Voor Europese betalingssoevereiniteit zit volgens Boudewijn nog iets in de weg: de onduidelijkheid rond de introductie van de digitale euro door de ECB. Dat moet een digitale versie worden van het publieke papiergeld dat de centrale bank in omloop brengt – de huidige digitale euro’s zijn privaat, omdat ze door commerciële banken gegarandeerd worden. Het feit dat contant geld minder wordt gebruikt, doet de directe macht van de centrale bank als geldverschaffer afnemen.
Maar de digitale euro wordt ook een rol toegedicht als puur Europees digitaal betaalmiddel – om net als Wero het betalingsverkeer meer soeverein te maken. De (eveneens afzwaaiende) DNB-president Klaas Knot zei dat twee weken geleden nog.
Volgens Boudewijn moet er, voor de toekomst van Wero, snel een eind komen aan de onzekerheid rond de digitale euro. „Dat hebben wij [als betaaldienstverleners] ook al vaak gezegd tegen de Europese Commissie. Als jij ceo bent van de bank die 100 miljoen euro heeft voor innovatie, dan kan je die maar één keer uitgeven. Geef je het dan uit aan de digitale euro, of aan aansluiting op Wero?”
Om tot Europese soevereiniteit te komen in het betalingsverkeer is de oplossing volgens Boudewijn een publiek-private samenwerking – net als in de jaren negentig bij het Nationale Betalingscircuit. „Aan tafel moeten de winkeliers zitten die de betaalmethode moeten accepteren. En ook de betaalinstellingen die de technische kant moeten regelen. Maar ook de banken en de Europese Centrale Bank. Die winkeliers zijn daarbij cruciaal: die gaan echt niet zomaar vanwege ‘soevereiniteit’ een duurdere Europese betaaloplossing accepteren en aanmoedigen.”
Les 3Europees betalen kán wel
Boudewijn is nu met pensioen, maar hij verdwijnt niet helemaal uit de betaalwereld.

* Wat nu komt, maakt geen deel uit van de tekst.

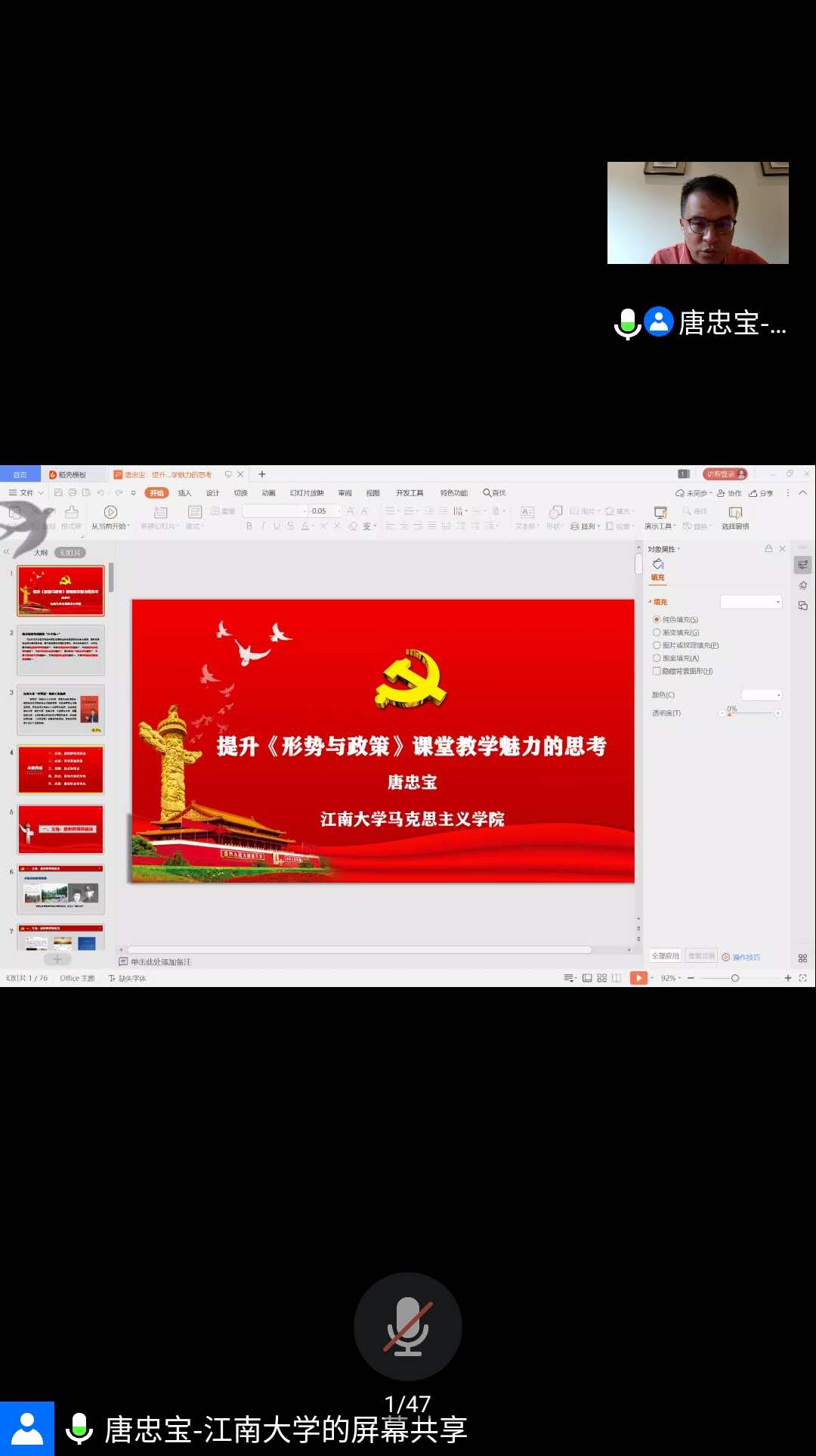 7月7日下午两点半,awc777万象城娱乐官网“形势与政策”课程组教师通过腾讯会议参加了由内蒙古师范大学主办的内蒙古思政课教师同备一门课——形势与政策课线上集体备课活动。本次活动聘请了江南大学awc777万象城娱乐官网教授、哲学博士,教育部首批思政工作精品项目“宝哥说”思政文化育人品牌主讲人唐忠宝教授作了题为“提升《形势与政策》课堂教学魅力的思考”的精彩讲座。

Hij wordt binnenkort voorzitter van de European Payments Council, een deeltijdfunctie. De vereniging bestaat uit 83 Europese betaalbedrijven en is de regisseur van de Single Euro Payments Area, kortweg SEPA. Dat is het systeem van girale betalingen, dus van bankrekening naar bankrekening via app of computer, automatische incasso en papieren overschrijving maar ook iDeal. Eigenlijk het Europese equivalent dus van wat in Nederland ooit het Nationale Betalingscircuit was.
Volgens Boudewijn is SEPA een voorbeeld van hoe het wél moet wat betreft betalen in Europa: afgedwongen door de overheid via regelgeving, vervolgens succesvol uitgevoerd door samenwerking van banken en betaalinstellingen.
Onderdeel van SEPA is een Europese verordening, waardoor nu van Europese rekening naar Europese rekening geld kan worden overgemaakt, dankzij de gestandaardiseerde IBAN-nummers. En dit jaar wordt ook instant payments verplicht, het systeem waarin af- en bijschrijvingen direct door banken worden verwerkt voor de consument, met een verplichte check of de naam wel klopt met het rekeningnummer. In Nederland is dat al een paar jaar zo, maar in veel andere Europese landen kost zo’n directe overschrijving geld en duurt een normale overschrijving minstens een nacht en soms zelfs een heel paasweekend.
Boudewijn: „SEPA is een groot succes – ik mag daar straks mede sturing aan geven. Maar je had eigenlijk al direct ook een SEPA voor kaartbetalingen willen hebben. Dat is vakkundig gesaboteerd door krachten binnen en buiten Europa om allerlei redenen. En dat is achteraf zonde. Als dat wel gelukt was, waren we nu waarschijnlijk minder afhankelijk van de Amerikanen.”